En su célebre Facundo, Sarmiento describe a Facundo Quiroga -que nada tiene que ver con el ex defensor de Newell's- como un hombre guiado por sus instintos salvajes, producto de sus tierras y de sus tiempos. Quiroga es la barbarie, irremediable, predestinada. Pero, según la visión de Sarmiento, los "Quiroga" no eran los principales enemigos de la República, sino Rosas, que representaba a Buenos Aires, la maldad premeditada, racional, que nace no del instinto y la pasión sino de una fría intención de subyugar y dominar.

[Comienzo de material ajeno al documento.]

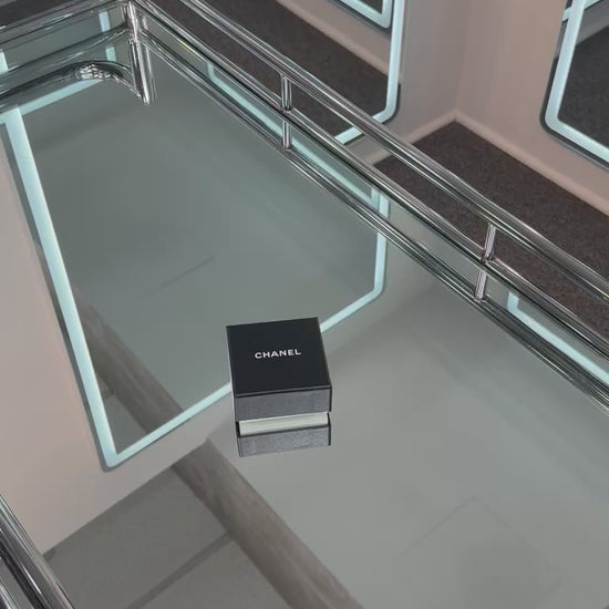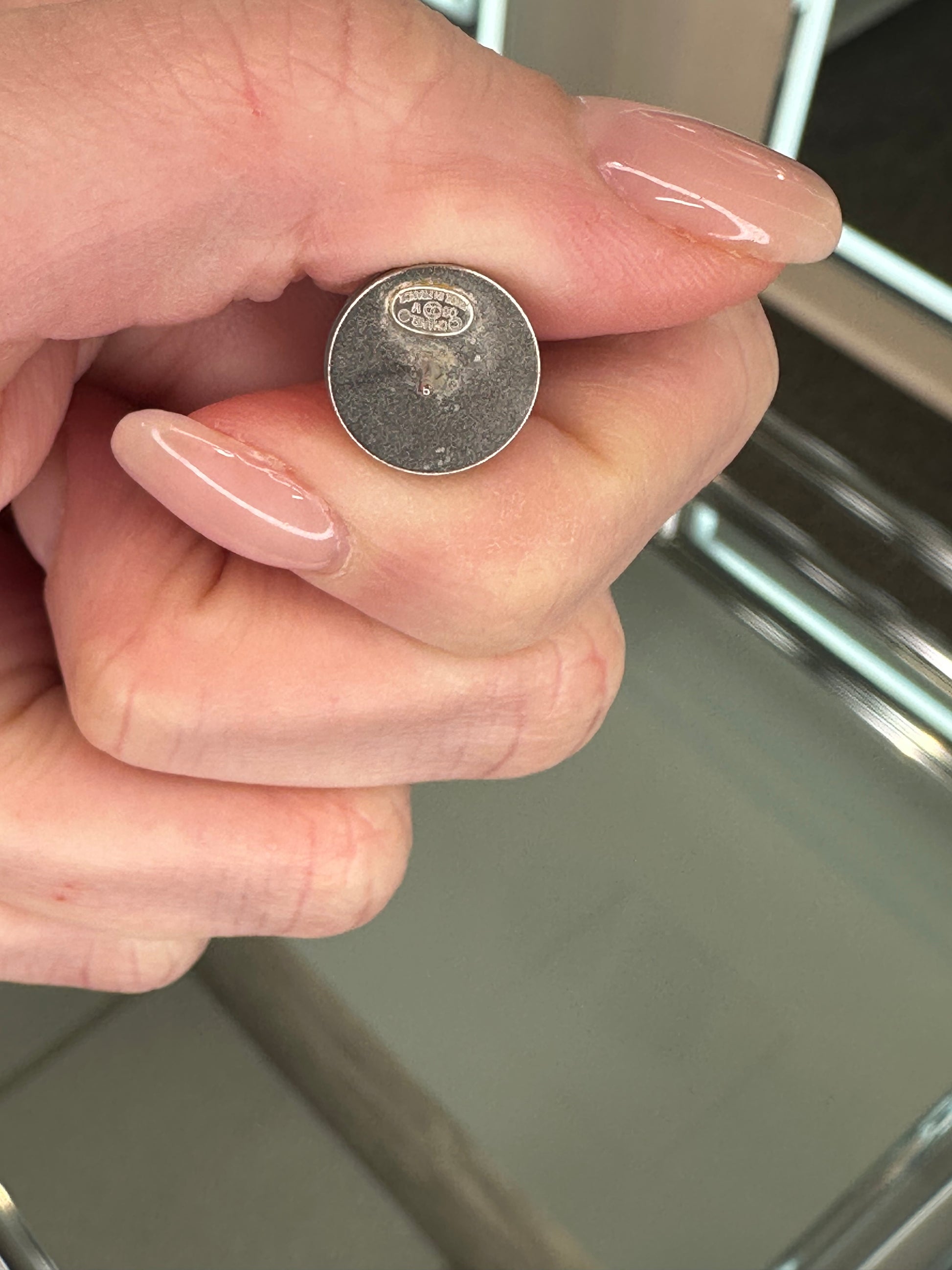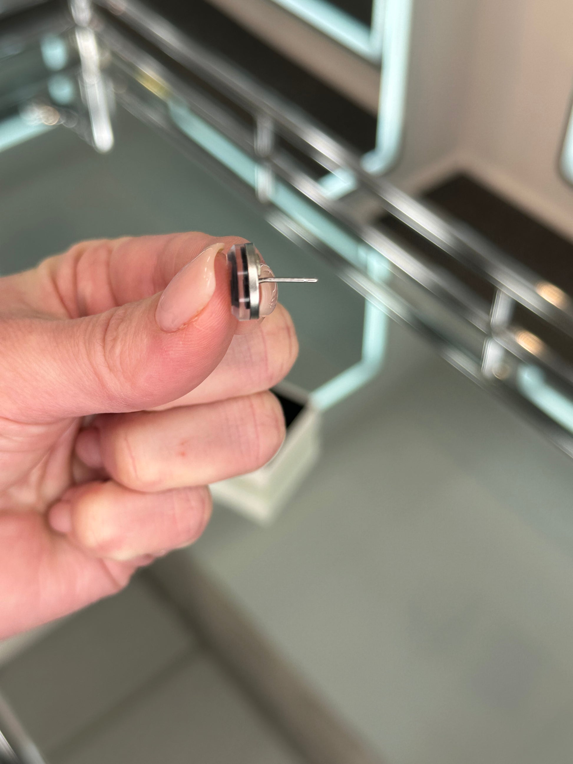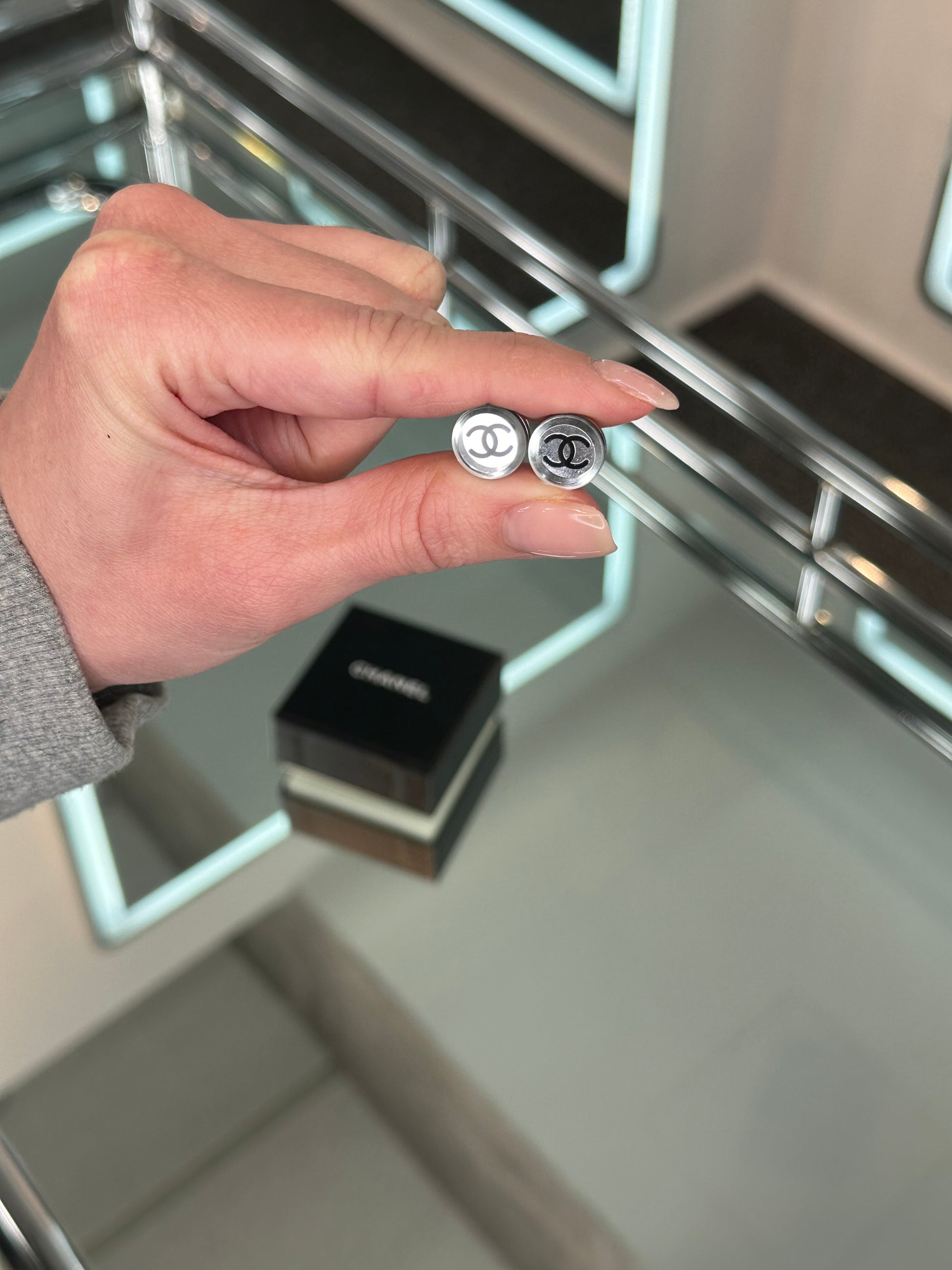 - Mirrored stud earrings with a black Chanel logo at the center

¿Qué tiene que ver esto con el fútbol? Nada, justamente, porque tiene mucho que ver con las barrabravas. En otros tiempos se podía asociar ciertas características quiroguianas a estos grupos. El instinto, la pasión, el corazón, el amor desmedido por un equipo de fútbol. Estos ingredientes en exceso podían explicar en cierto modo los hechos de violencia, como una pelea con hinchas de otros equipos o parar un partido porque su equipo perdía por goleada. Se podía decir que era simplemente el folclore del fútbol argentino excediendo (ampliamente) los límites establecidos por cualquier sociedad civilizada.
Pero increíblemente esos hechos totalmente repudiables pueden ser recordados hasta con melancolía y romanticismo cuando vemos en qué se han convertido las barrabravas en la actualidad. De Quiroga se han transformando en Rosas. Nada en su accionar puede ser justificado en la calentura por una derrota, en el exceso de pasión. Por el contrario, es todo premeditado con inteligencia. Es mafia, crimen organizado, delincuencia de guante blanco amparada en la protección de dirigentes políticos, empresarios, policías, sindicalistas. Los que antes paraban un partido para frenar una goleada ahora lo paran porque no les dan entradas. No miran el partido, no les importa el resultado ni perjudicar a su equipo sino su propia subsistencia como parásitos del club. Y si sufren los descensos, es porque saben que las ganancias se les reducen.
Ya no hay combates entre barras de diferentes equipos. Ya no les interesa y no les reportan ningún beneficio, aunque deben mantener las apariencias. No tienen problemas en juntarse a hacer asados, o reunirse para lograr objetivos comunes, con fines corporativos. Muchos de ellos pertenecen al mismo tiempo a barras de distintos equipos, o son transferidos de un club a otro como si fueran pases de jugadores. Ser barra es toda una profesión. Ahora las peleas son internas: se matan por el poder, por los negocios.
Quedó muy lejos la cultura del aguante, de la épica de las batallas y de los trofeos robados. Quien diría que todas esas prácticas despreciables serían añoradas en comparación a este presente de profesionales del apriete y la violencia, cuya existencia no tiene justificación y deben ser por tanto extirpados como un tumor maligno para que el fútbol argentino no termine muriendo.